Her birimiz ayrı, ıssız birer gezegene dönüştürülüyoruz kendi derin ve dipsiz yalnızlığımızla. Binlerce yıl önce avcı toplayıcı iken hayatta kalmak en büyük hedefimizken, geçen onca zaman ve gelişen teknoloji yine bizi dönüp dolaşıp aynı noktaya getirdi. The Economist dergisi bu hayatta kalma mücadelemizi kapak yaparak çağın sorununa dikkat çekmiş. Bilimin ve teknolojinin gelişmesi binlerce yıl önce salgın hastalıklarla boğuşan insanoğlunun bu gerçeğini hiç değiştirmeden gündemimize getiriverdi. Ancak insan binlerce yıl öncesinin aksine bu mücadelede daha güçsüz ve hazırlıksız. Gelinen bu noktada yaşananların ardından geçtiğimiz günlerde bir tebliğ yayınlandı. Misafirliğe gitmek kabahatler kanunu gereği cezalandırılabilecek.
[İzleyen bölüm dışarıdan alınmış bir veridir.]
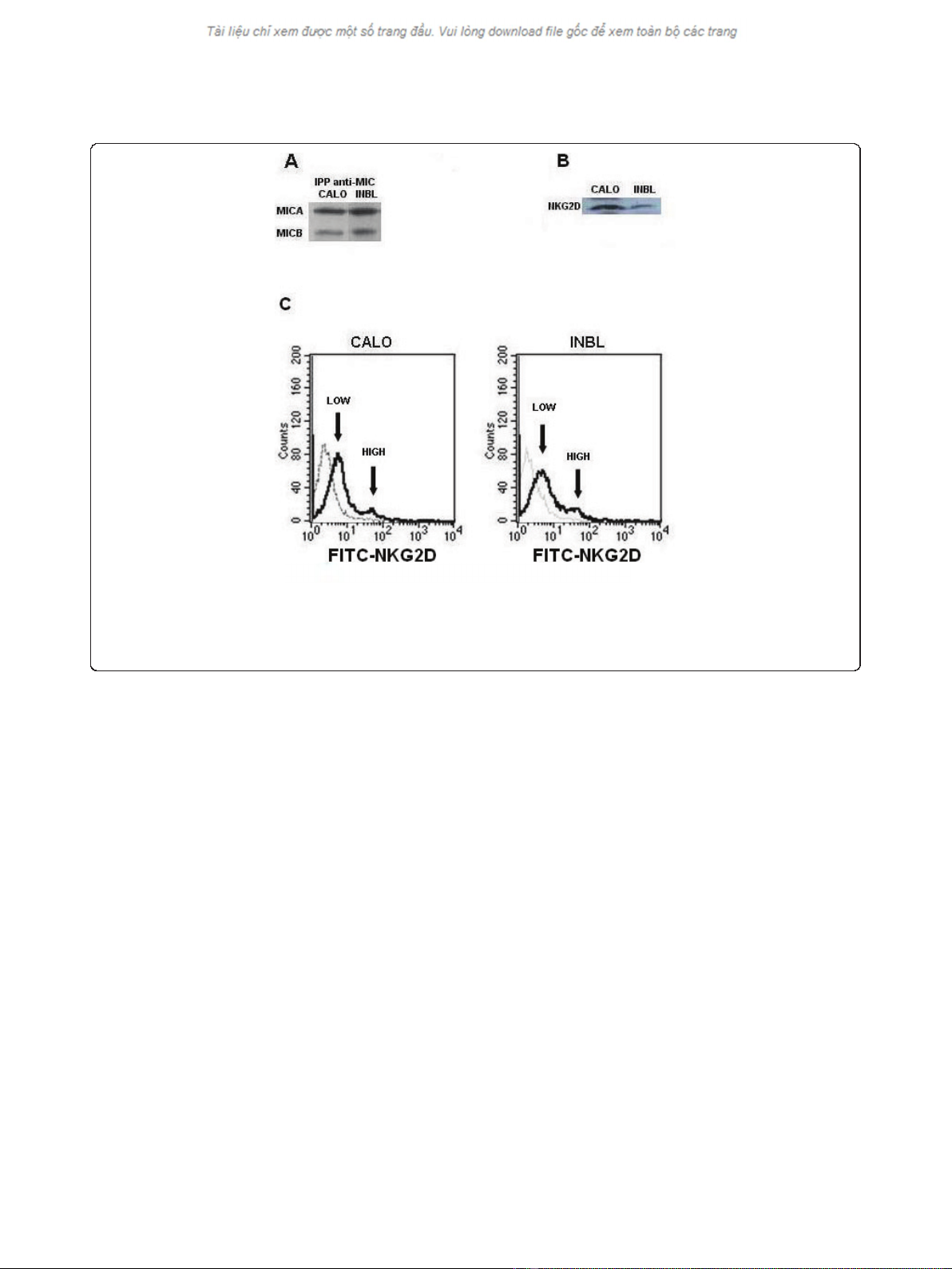 Figure 4 Cervical cancer cell lines express MICA, MICB and NKG2D. CALO and INBL cells (1×10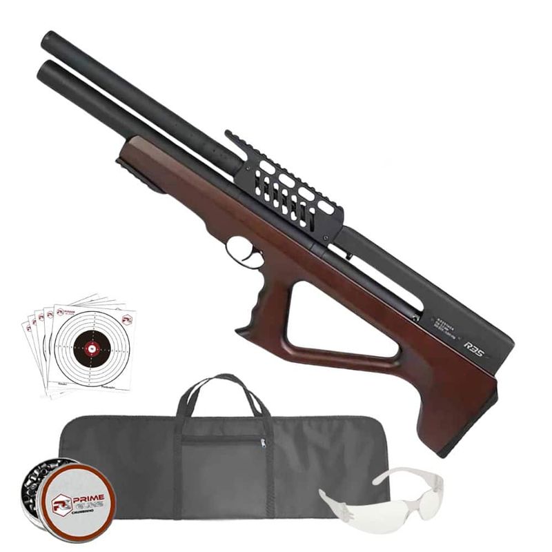A PCP R35 Bullpup Madeira apresenta um design Bullpup, permitindo um tamanho reduzido sem comprometer o desempenho. Sua coronha em madeira maciça de lei proporciona um acabamento premium, além de garantir resistência e durabilidade. A ergonomia dessa carabina favorece a mobilidade do atirador, tornando-a perfeita para diferentes ambientes de tiro.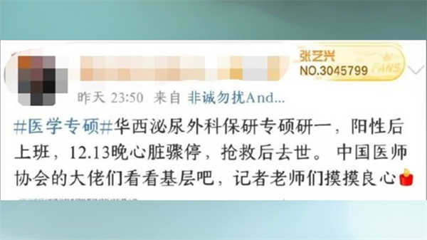 华西泌尿外科一位23岁的研究生,阳性发烧了3天仍在一线上班,不幸于2022年12月14日去世。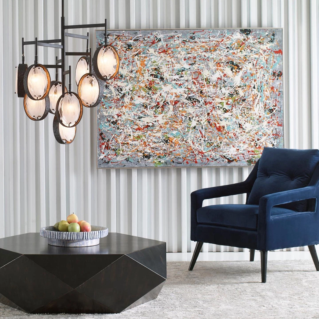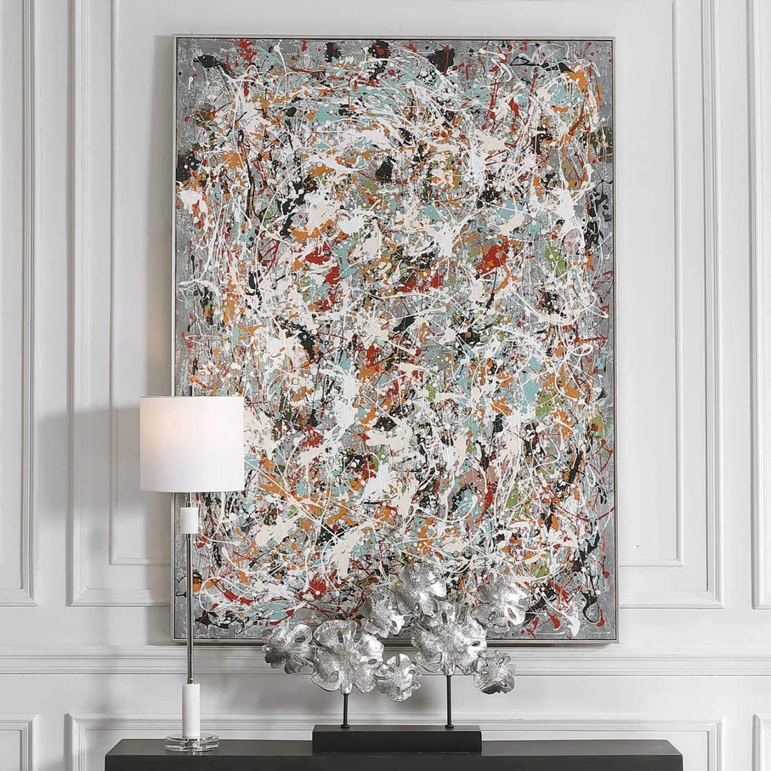 Inspired by Jackson Pollock’s famous painting style, this graphic hand painted artwork serves as a dramatic focal point for your space. The smoke gray background is highlighted by bright orange, aqua, yellow and countless other vibrant hues, accented by a sleek silver gallery frame.

Virüsün kontrolden çıkan yayılımı bu önlemleri elbette almayı zorunlu kılıyor ama başka bir şey oluyor gözümüzün önünde ve biz sadece izliyoruz. Geçen ünlü bir teknoloji firması ürettiği insansı bir robotun tanıtımını yaptı.
O tanıtım filmini izlerken bir an o robotun delici ve ürpertici bakışlarıyla göz göze geldim ve bana aktardığı o karakter ve imaj sayesinde dehşete düşüp donakaldım. Gözlerinde derin ve acımasız bir ifade vardı. Biz peş peşe sokağa çıkma yasakları ile yeni duruma alışmaya çalışırken, sokaklarda arkadaşlarıyla oynayarak büyümüş bir nesil olmanın çatışmasını yaşıyoruz içimizde.
Bu misafirliğe gidildiğinde kesilecek cezanın ardından pek mümkün ve mantıklı ki bayramlarda kucaklaşmak, büyüklerimizin ellerini öpmek de imkansız gibi duruyor.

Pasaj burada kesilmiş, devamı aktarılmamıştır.